Mau tak mau Junmyeon juga merasa penasaran dengan kegiatan mereka. Ia tak mau menduga-duga lagi, bukankah akan lebih baik jika ia bertanya langsung. Tak berapa lama balasanpun kembali datang.
From: YiFan
Menyenangkan. Aku tidak tahu jika Luhan orang yang sangat menyenangkan.
Geezz... Junmyeon langsung membanting ponselnya ke tempat tidur, enggan untuk melanjutkan percakapannya dengan YiFan. Lagipula apa maksudnya Luhan itu menyenangkan?
"Aku lebih menyenangkan dari Luhan, bahkan aku lebih lucu dari dia." Ucapnya lirih lebih kepada dirinya sendiri.
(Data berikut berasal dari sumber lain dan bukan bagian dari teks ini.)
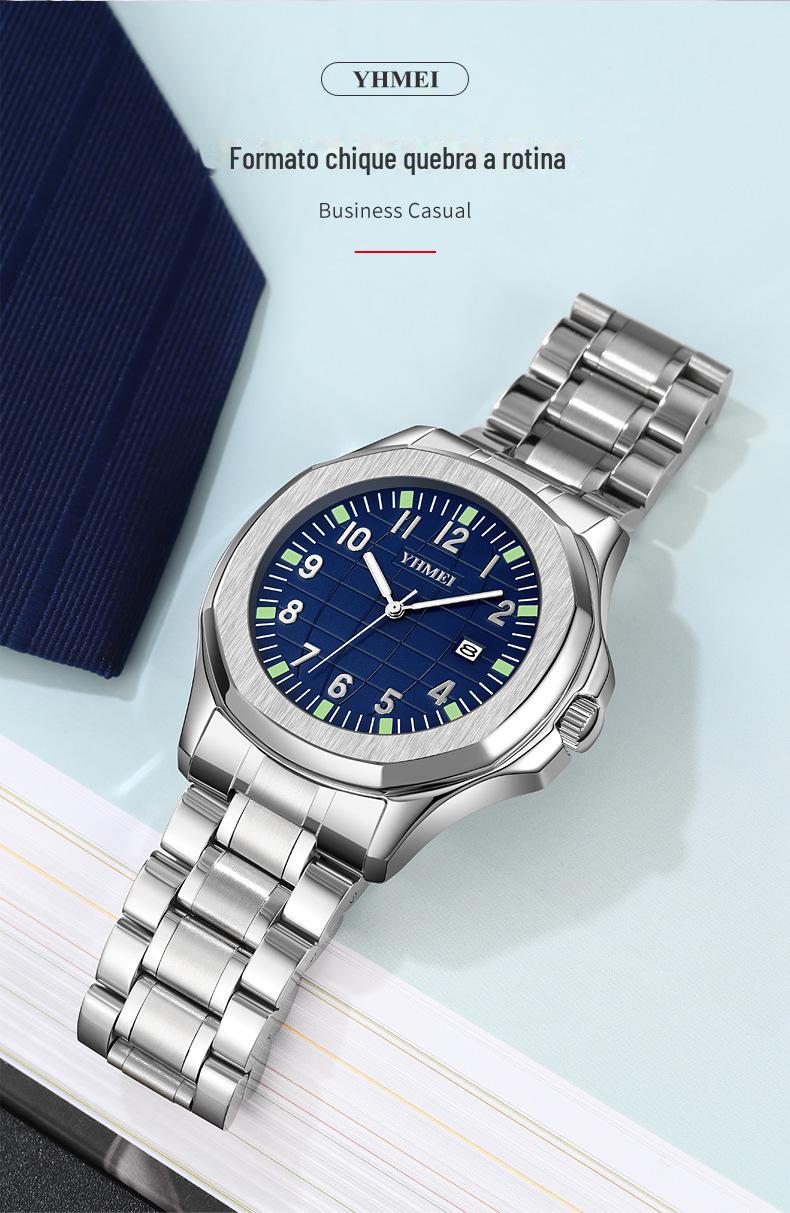 Relógio Novo Masculino Business Aço Inoxidável Quartzo Relógio Modelo Casual Mostrador À Prova D'água Pulso de Meninos Fino Mostrador Grande

Ya Tuhan apa dia sedang cemburu sekarang?
Junmyeon berajak ke tempat tidurnya dan merebahkan tubuhnya. Mungkin tidur lebih awal bisa meredakan kegalauan hatinya saat ini. Namun saat ia hendak memejamkan matanya, sebuah pesan kembali masuk ke ponselnya, dari YiFan. Junmyeon kembali berdecih sebal, namun ia membukanya.
From: YiFan
Junmyeon, aku minta maaf mungkin besok aku tidak bisa menjemputmu, aku sudah berjanji pada Luhan akan menjemputnya pergi ke sekolah. Kau tidak apa-apa, kan?
Junmyeon menghela nafas, dia benar-benar cemburu sekarang. Namun jari-jari putihnya tetap bergerak mengetik balasan untuk sahabatnya. Setelah memastikan bahwa pesannya terkirim, ia mematikan ponselnya. Lebih tepatnya menghindari, takut jika YiFan akan mengirimkan pesan yang lebih menyakitkan lagi. Setidaknya untuk saat ini.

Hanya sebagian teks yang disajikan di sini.